## HOW TO COMPLETE THIS TASK
Exactly and only the lines below from the one containing "自ら光っているようなモノの照" down to the one containing "打开支付宝,我们可以看到界面如下图所示。" are wanted, both included; please exclude every picture.

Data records
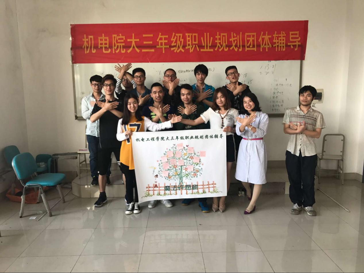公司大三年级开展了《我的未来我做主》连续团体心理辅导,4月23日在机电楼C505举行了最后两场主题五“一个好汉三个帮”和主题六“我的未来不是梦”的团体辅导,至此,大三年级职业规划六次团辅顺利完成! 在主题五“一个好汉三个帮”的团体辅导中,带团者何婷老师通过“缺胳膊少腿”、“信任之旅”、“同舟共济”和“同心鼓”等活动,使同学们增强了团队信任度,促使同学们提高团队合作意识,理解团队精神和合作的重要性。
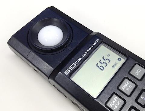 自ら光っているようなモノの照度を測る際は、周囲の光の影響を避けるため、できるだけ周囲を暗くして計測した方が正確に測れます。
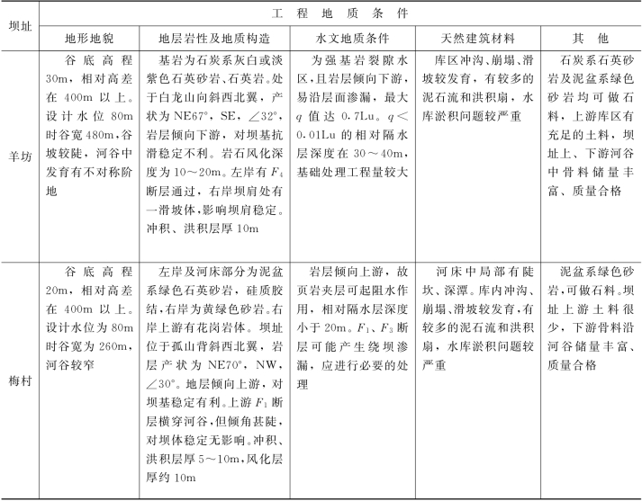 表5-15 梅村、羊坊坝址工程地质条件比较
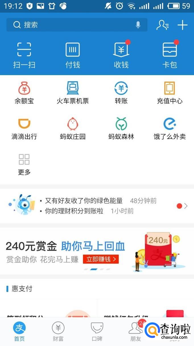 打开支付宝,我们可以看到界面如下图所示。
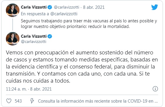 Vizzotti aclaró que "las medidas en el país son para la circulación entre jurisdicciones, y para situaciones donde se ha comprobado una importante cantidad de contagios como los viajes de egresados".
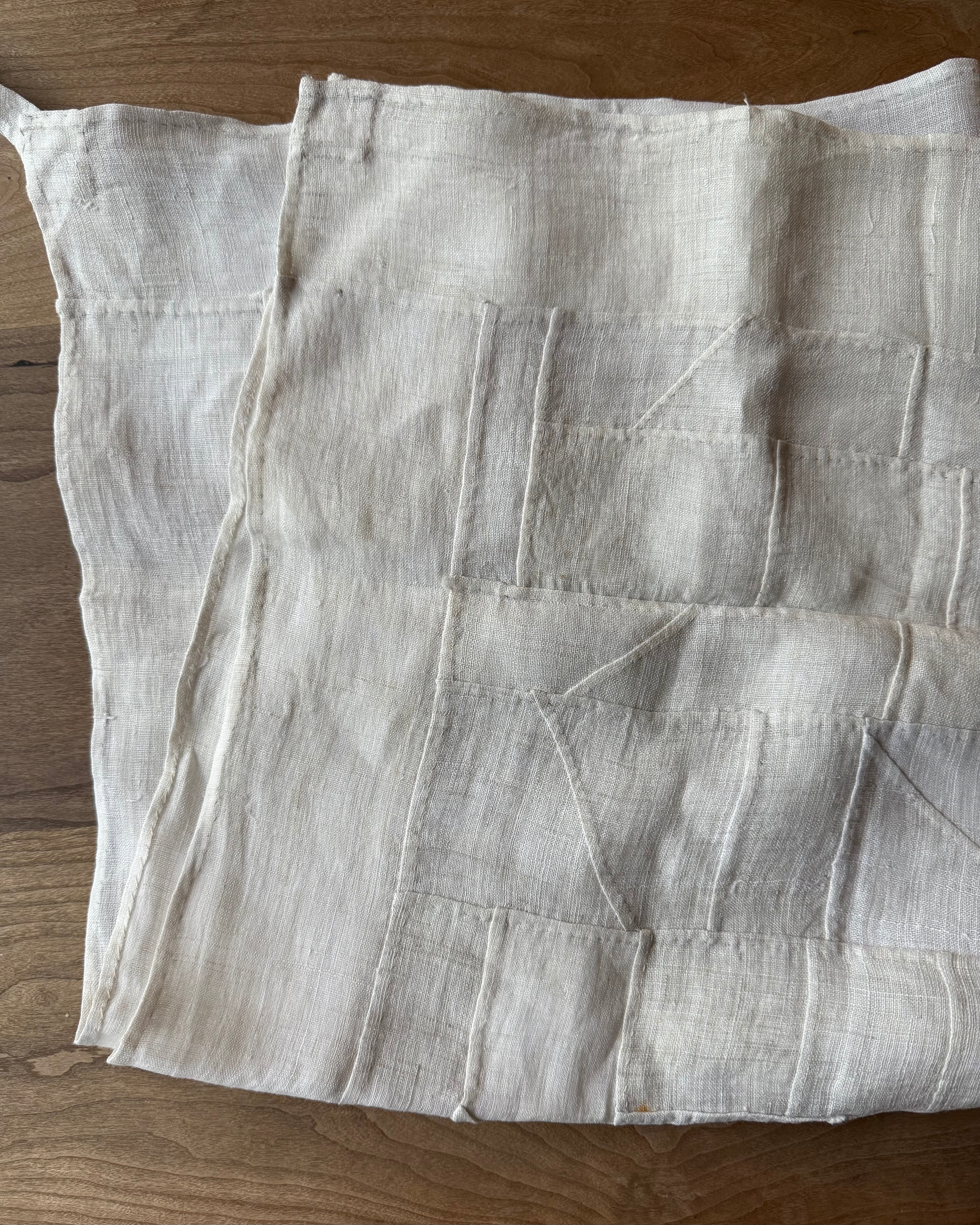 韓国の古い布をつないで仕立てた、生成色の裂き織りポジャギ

## WRITTEN RESPONSE
 自ら光っているようなモノの照度を測る際は、周囲の光の影響を避けるため、できるだけ周囲を暗くして計測した方が正確に測れます。
 表5-15 梅村、羊坊坝址工程地质条件比较
 打开支付宝,我们可以看到界面如下图所示。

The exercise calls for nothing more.